------ Recorded information ------

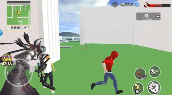 2、借助虚拟按键能够实现移动、奔跑、跳跃、拉钩锁等一系列操作。
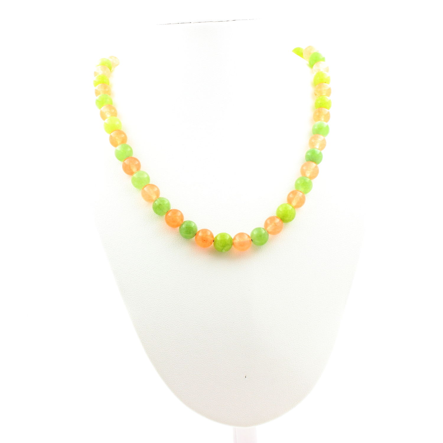 Peridot + Orange Chalcedony 8 mm beaded necklace, stainless steel chain length 45 cm. We can make it to your length on request (price varies depending on the length of the necklace). Made in France in our A Bijoux workshop. Delivered in a box pouch. Necklace for women, men, children. Discover more than 1000 models of necklaces made by the A Bijoux brand with new arrivals every day.
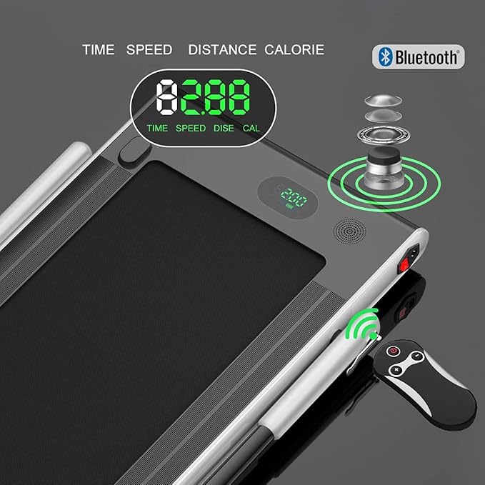 - WITH APP CONTROL, BLUETOOTH SPEAKER, PHONE HOLDER & REMOTE CONTROL β APP control is perfect to record exercise data. Connect the treadmill to your phone through Bluetooth, so you can play music while you are exercising. You can also use the phone holder to watch videos or chat with friends. The remote control (BATTERY NOT INCLUDED) is convenient to adjust the speed of movement and stop instantly. Equipped with a safety key to shut down immediately in an emergency to protect your safety.
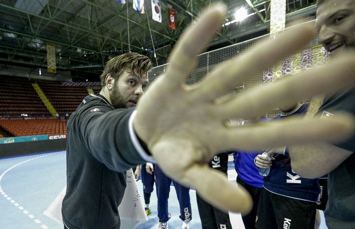 Strákarnir í íslenska handboltalandsliðinu spila ekki á HM í handbolta í dag en notuðu hinsvegar daginn vel til þess að undirbúa sig fyrir mikilvægan leik á móti Makedóníu á morgun. Íslenska landsliðið reif sig upp eftir tap á móti Rússum í fyrsta leik og vann sannfærandi sigur á Sílebúum í gær þar sem margir leikmenn liðsins fengu tækifæri og nýttu það flestir mjög vel. Vilhelm Gunnarsson, ljósmyndari Fréttablaðsins og Vísis, er í Sevilla og náði skemmtilegu myndum frá æfingu liðsins í dag en einnig eru myndir frá hóteli liðsins. Myndirnar má sjá í albúminu hér að neðan. Hægt er að sjá myndirnar stærri með því að smella á þær.
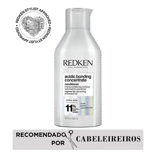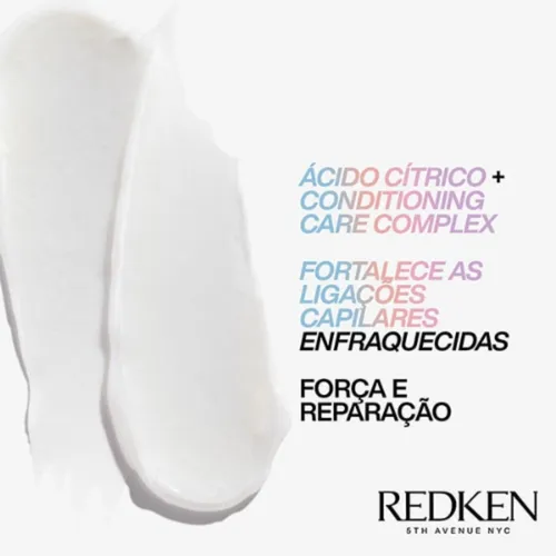 Existem inúmeras maneiras de danificar os cabelos: processos químicos, exposição ao sol e por processos de aquecimento, como secadores de cabelos e pranchas. Este condicionador é o 2º passo de 3 etapas de um sistema de reparação de danos. Sua fórmula contém ácido cítrico e Redken Bonding Complex, ativos que promovem resultados instantaneamente visíveis. O uso do sistema completo Redken Acidic Bonding Concentrate resulta em 82% menos pontas duplas, 56% menos quebra e 11x mais maciez.
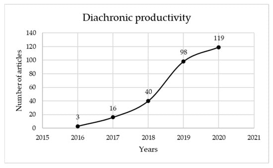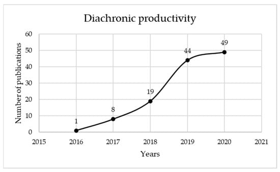 Figure 6 shows how the literature has been distributed since the initial presentation of the topic in a material in 2016, until 2020. It can be observed that, similar to the general search, the latter two years, 2019 and 2020, represented 76.7% of the total scientific production. Although the increase between 2019 and 2020 was not that high as 2018 to 2019, we can still say that there was an increase in publication of the subject among researchers.
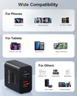 This charger is a must-have for anyone with multiple devices! The 40W output and four ports (USB-C and USB-A) make charging super fast and convenient. I love how compact it is—perfect for travel or keeping by the bedside. My phone charges in half the time, and I can power up my tablet and earbuds simultaneously. The build feels sturdy, and having three in the pack is a steal. No more fighting over outlets—this charger handles everything effortlessly!
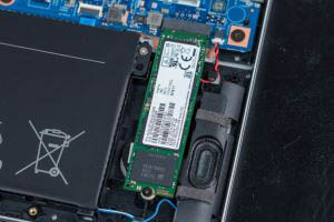 RedmiBook 14采用了512GB的SSD,拆開后蓋后看其型號為三星的PM871b,采用的是SATA協議,SSD使用的是3D TLC閃存芯片。不過這款筆記本的SSD接口實際上是支持NVMe協議的,經過實際測試,將三星970 evo SSD裝入RedmiBook 14可以在BIOS中順利識別出SSD型號。
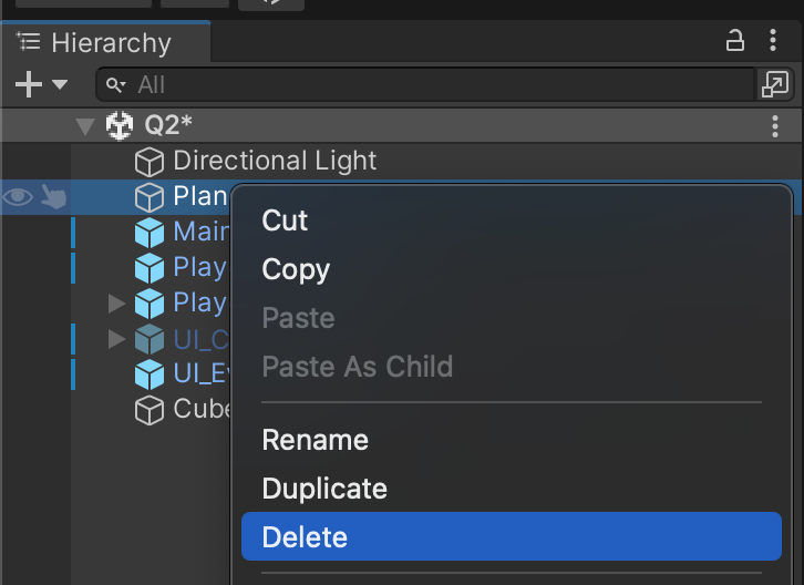 Delete the "plane" that the player is currently standing on. ProBuilder objects are different from the objects created in your prior assignment using the 3D menu. We will be replacing the old Plane with a ProBuilder Cube.
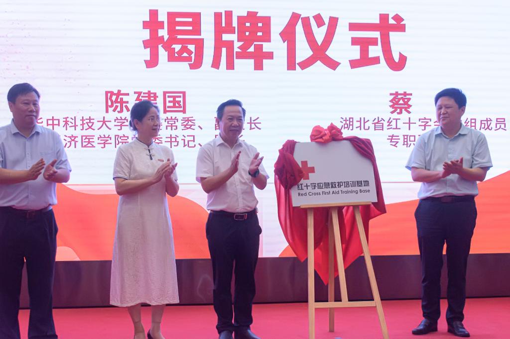 陈建国副校长代表16831683诸侯快讯入口与湖北省红十字会签署《湖北省红十字会与16831683诸侯快讯入口应急救护培训合作协议》,并与湖北省红十字会党组成员、专职副会长蔡卿共同为“红十字应急救护培训基地”揭牌。
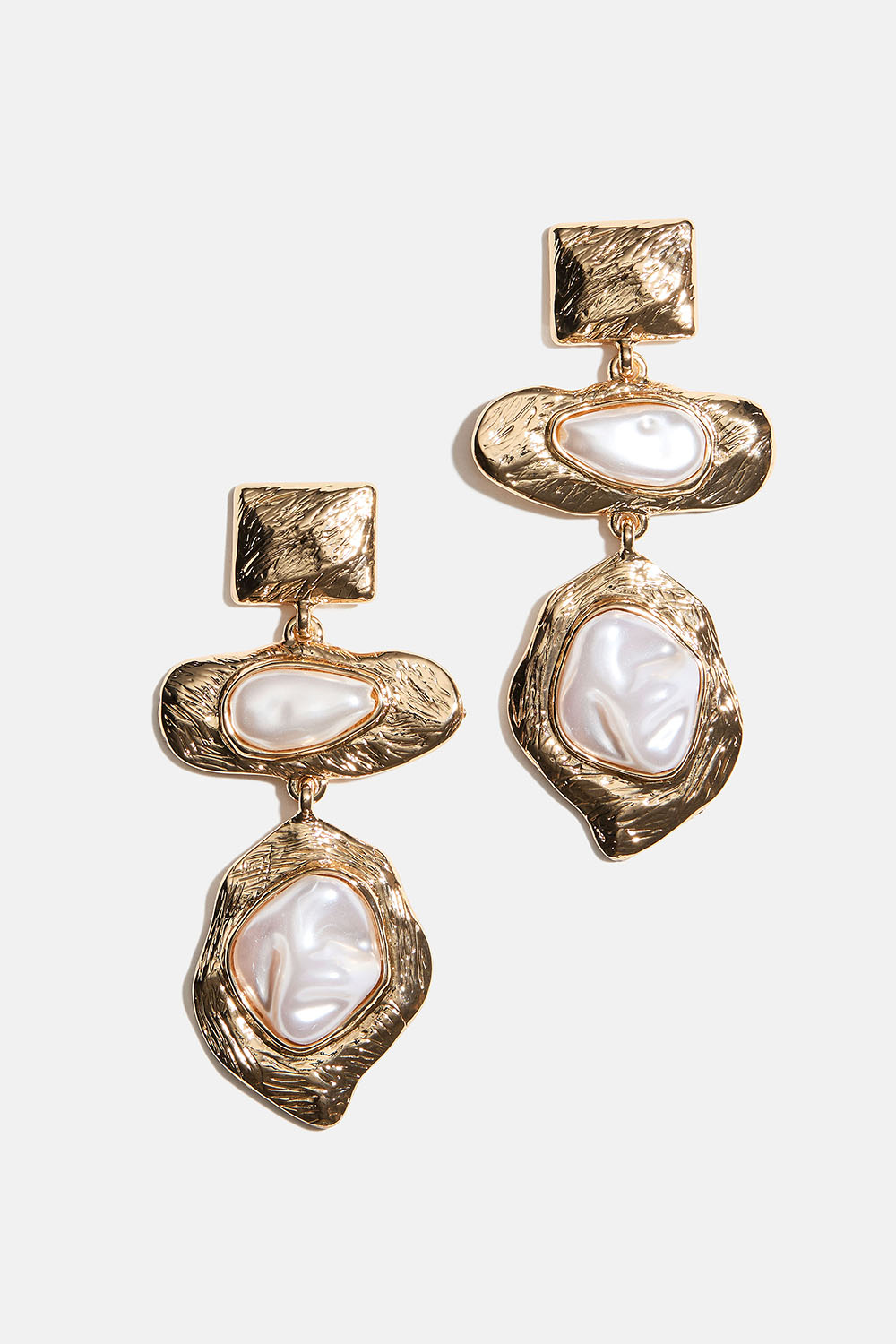 Gullfargede øredobber med hvite perler i organiske former i gruppen Smykker / Øredobber hos Glitter (253011282002)
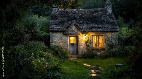 bungalow, stone, house, garden, green, nature, path, grass, light, window, door, roof, tree, leaf, plant, evening, tranquil, calm, peaceful, warm, cosy, illuminated, charming, idylli, rural, exterior, architecture, building, structure, facades, chimney, moss, step, paseo, bush, wooden, old, aged, twilight, dusk, glow, illumination, pathway, small, inviting, secluded, foliage, wild
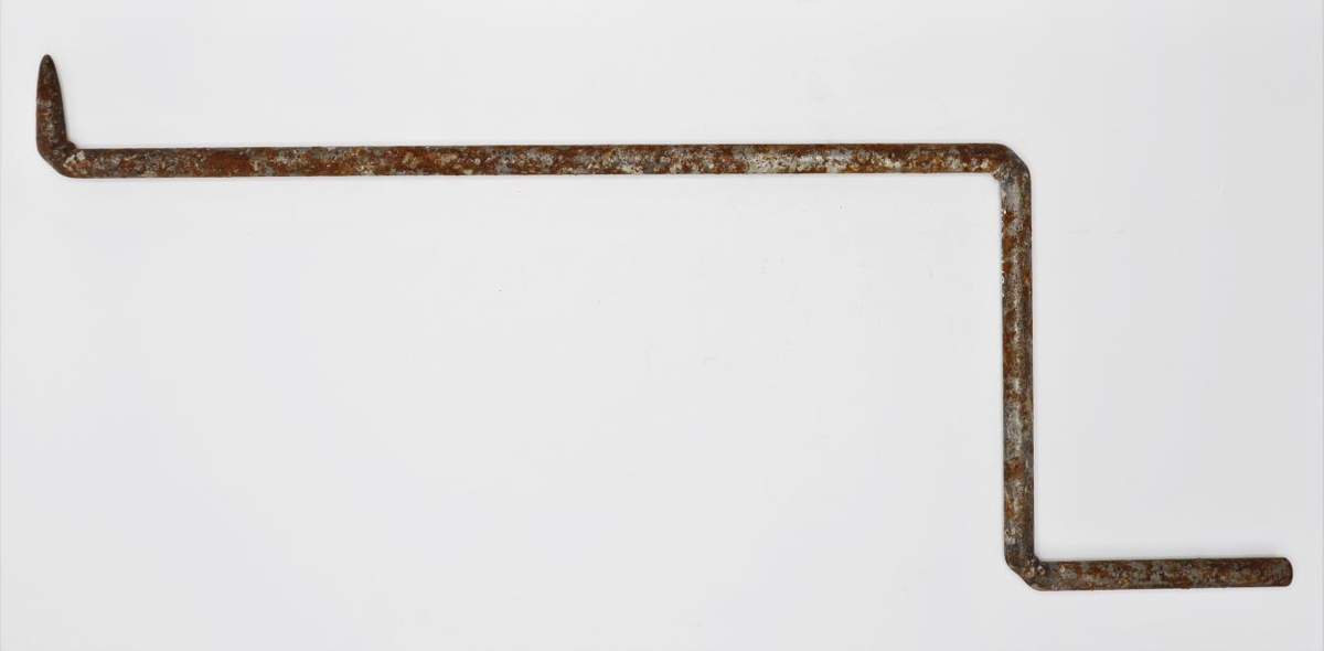 Mótakrókur. 14 mm. stálöxull sem er búið að beygja eins og sveif með spíss í vinkil á lengri hlutanum. Heimasmíðaður.
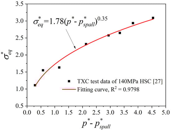 Without adding steel fibers, the UHPC matrix could be regarded as high-strength concrete, modeled by the RHT model [26] in the present study. The critical RHT failure surface parameters Afail and Nfail are determined by fitting the triaxial compression test data of 140 MPa HSC in Reference [27], as shown in Figure 11, where Afail and Nfail are 1.78 and 0.35, respectively. The other critical parameters are self-defined according to Refs. [10,28,29]. Due to the stiffness of loading plates in practice being much larger than that of the specimen, the loading plates are modeled as a rigid body with the material model *MAT_RIGID. The isotropic and kinematic hardening material model *MAT_PLASTIC_KINEMATIC (*MAT_003) is chosen to build the steel fibers. Parameters of material models used in the uniaxial compression simulations are listed in Table 3.
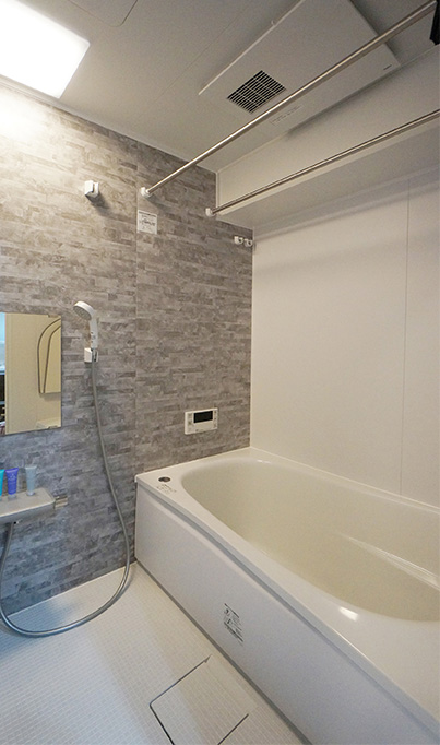 ガス給湯器がお風呂の浴槽と一緒になっているパックイン型でしたのでバルコニーに追い焚きのできる給湯器を設置しました。
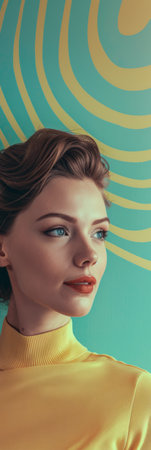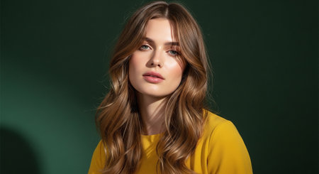 A young woman stands against a vibrant yellow wall, her long hair cascading over her shoulders. She gazes thoughtfully, enjoying the bright ambiance of this contemporary setting.
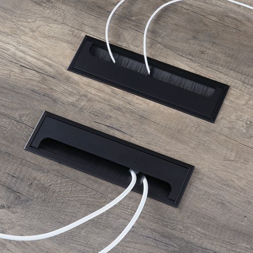 テーブル天板中央には、市販のOAタップ等をスマートに収納できるコードホールが付属しています。
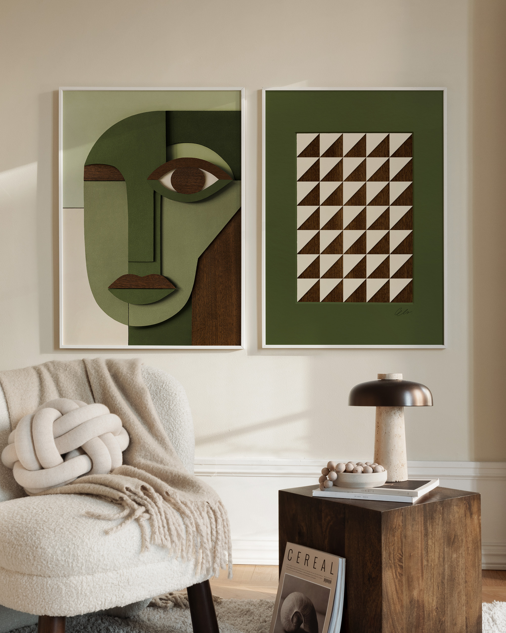 Abstraktní poster obličeje vytvořeného z geometrických tvarů v zelených a hnědých tónech. Vrstvený design působí jako koláž s velkým okem, jednoduchým nosem a hnědými rty na jemném pozadí.
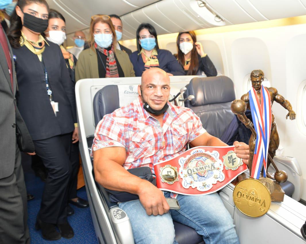 بالورود والنداء الصوتي ...مصرللطيران استقبلت البطل العالمي بيج رامي
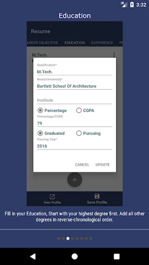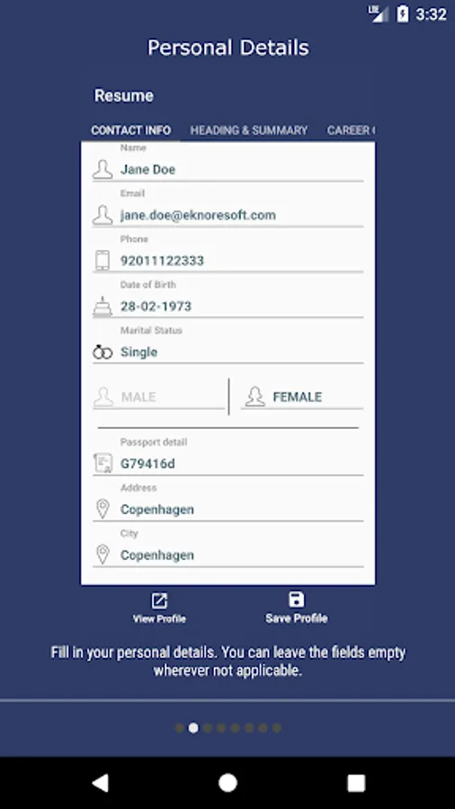 Now you can instantly creates simple and professional resume for your interview on the go using this app.You can save your all the details for the further use so you don't have to enter the details every time. You can also create multiple resume if you want to create different kinds of resume or CV for different person.So start making Cv for job application and good luck.
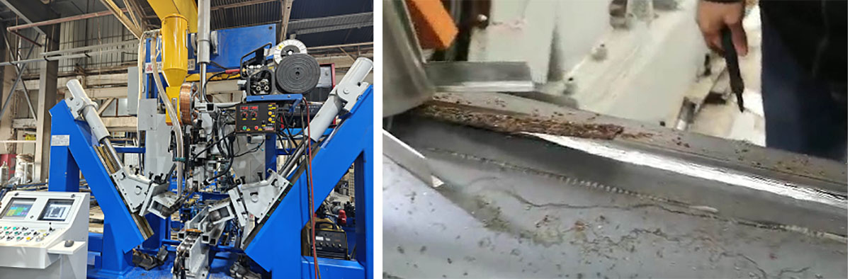 - 推动杆子为变频控制,带有电器刹车停止功能,以保证头尾焊接的稳定性。从头焊到尾,头尾几乎没有遗留未焊接的长度,不需要在尾部100~200mm 长度进行人工补焊。

------

Give back the lines word for word, from the very first in the material above to the one that has "- WITH APP CONTROL, BLUETOOTH", both included, without the pictures.

 2、借助虚拟按键能够实现移动、奔跑、跳跃、拉钩锁等一系列操作。
 Peridot + Orange Chalcedony 8 mm beaded necklace, stainless steel chain length 45 cm. We can make it to your length on request (price varies depending on the length of the necklace). Made in France in our A Bijoux workshop. Delivered in a box pouch. Necklace for women, men, children. Discover more than 1000 models of necklaces made by the A Bijoux brand with new arrivals every day.
 - WITH APP CONTROL, BLUETOOTH SPEAKER, PHONE HOLDER & REMOTE CONTROL β APP control is perfect to record exercise data. Connect the treadmill to your phone through Bluetooth, so you can play music while you are exercising. You can also use the phone holder to watch videos or chat with friends. The remote control (BATTERY NOT INCLUDED) is convenient to adjust the speed of movement and stop instantly. Equipped with a safety key to shut down immediately in an emergency to protect your safety.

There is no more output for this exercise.